According to the given data, the turnover number can be calculated as follows.

Turnover number = $K_{cat} = \frac{V_{max}}{\text{Concentration of enzyme}}$

$V_{max} = \frac{\text{Moles of CO_{2} hydrolyzed}{second}$

Therefore, moles of $CO_{2}$ hydrolyzed is as follows.

Moles of $CO_{2}$ hydrolyzed = $\frac{Mass of CO_{2}}{Molar mass of CO_{2}}$

= $\frac{0.30}{44}$

= 0.00682 moles

Now, moles of $CO_{2}$ hydolyzed per second is calculated as follows.

Moles of $CO_{2}$ hydolyzed per second = $\frac{0.00682}{60}$

= $1.137 \times 10^{-4} moles/second = V_{max}$

And,

Moles of enzyme = $\frac{Mass}{\text{Molar mass}}$

= $\frac{10.0 \mu g}{30000}$

= $3.33 \times 10^{-10}$ moles

Therefore, the value of $K_{cat}$ is as follows.

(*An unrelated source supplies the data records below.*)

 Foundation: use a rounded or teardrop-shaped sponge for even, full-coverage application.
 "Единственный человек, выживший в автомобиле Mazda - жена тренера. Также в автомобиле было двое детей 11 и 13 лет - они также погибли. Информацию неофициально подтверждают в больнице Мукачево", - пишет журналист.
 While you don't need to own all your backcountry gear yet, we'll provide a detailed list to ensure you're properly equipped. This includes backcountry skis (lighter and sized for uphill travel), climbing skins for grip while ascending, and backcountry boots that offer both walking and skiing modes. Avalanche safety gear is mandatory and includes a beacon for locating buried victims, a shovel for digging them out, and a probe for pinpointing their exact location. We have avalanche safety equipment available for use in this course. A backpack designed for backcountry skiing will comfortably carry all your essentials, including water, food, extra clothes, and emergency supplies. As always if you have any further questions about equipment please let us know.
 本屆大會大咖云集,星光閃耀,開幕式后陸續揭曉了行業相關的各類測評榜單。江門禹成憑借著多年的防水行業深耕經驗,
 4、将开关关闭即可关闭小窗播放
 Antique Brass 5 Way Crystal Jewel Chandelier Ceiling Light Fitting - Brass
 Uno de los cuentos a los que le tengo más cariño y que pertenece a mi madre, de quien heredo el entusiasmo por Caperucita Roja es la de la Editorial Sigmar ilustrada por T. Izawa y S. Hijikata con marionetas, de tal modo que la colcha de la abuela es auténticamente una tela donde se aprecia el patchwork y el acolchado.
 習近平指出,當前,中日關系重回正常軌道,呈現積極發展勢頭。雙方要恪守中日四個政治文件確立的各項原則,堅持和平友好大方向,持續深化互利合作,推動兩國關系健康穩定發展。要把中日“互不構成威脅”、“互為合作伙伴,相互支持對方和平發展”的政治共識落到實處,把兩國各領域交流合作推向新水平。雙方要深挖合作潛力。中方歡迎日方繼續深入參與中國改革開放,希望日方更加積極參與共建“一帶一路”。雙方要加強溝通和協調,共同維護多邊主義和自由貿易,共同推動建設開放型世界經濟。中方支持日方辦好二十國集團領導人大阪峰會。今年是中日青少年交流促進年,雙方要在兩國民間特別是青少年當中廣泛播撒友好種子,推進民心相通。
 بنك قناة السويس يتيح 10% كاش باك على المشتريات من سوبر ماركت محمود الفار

$K_{cat} = \frac{1.137 \times 10^{-4} moles}{3.333 \times 10^{-10} moles}$

= $0.3411 \times 10^{6}$ per second

= $0.3411 \times 60 \times 10^{6}$ per minute

= $20.466 \times 10^{6}$ per minute

Thus, we can conclude that the turnover number ( $K_{cat}$ ) of carbonic anhydrase (in units of $min^{-1}$ ) is $20.466 \times 10^{6}$ per minute.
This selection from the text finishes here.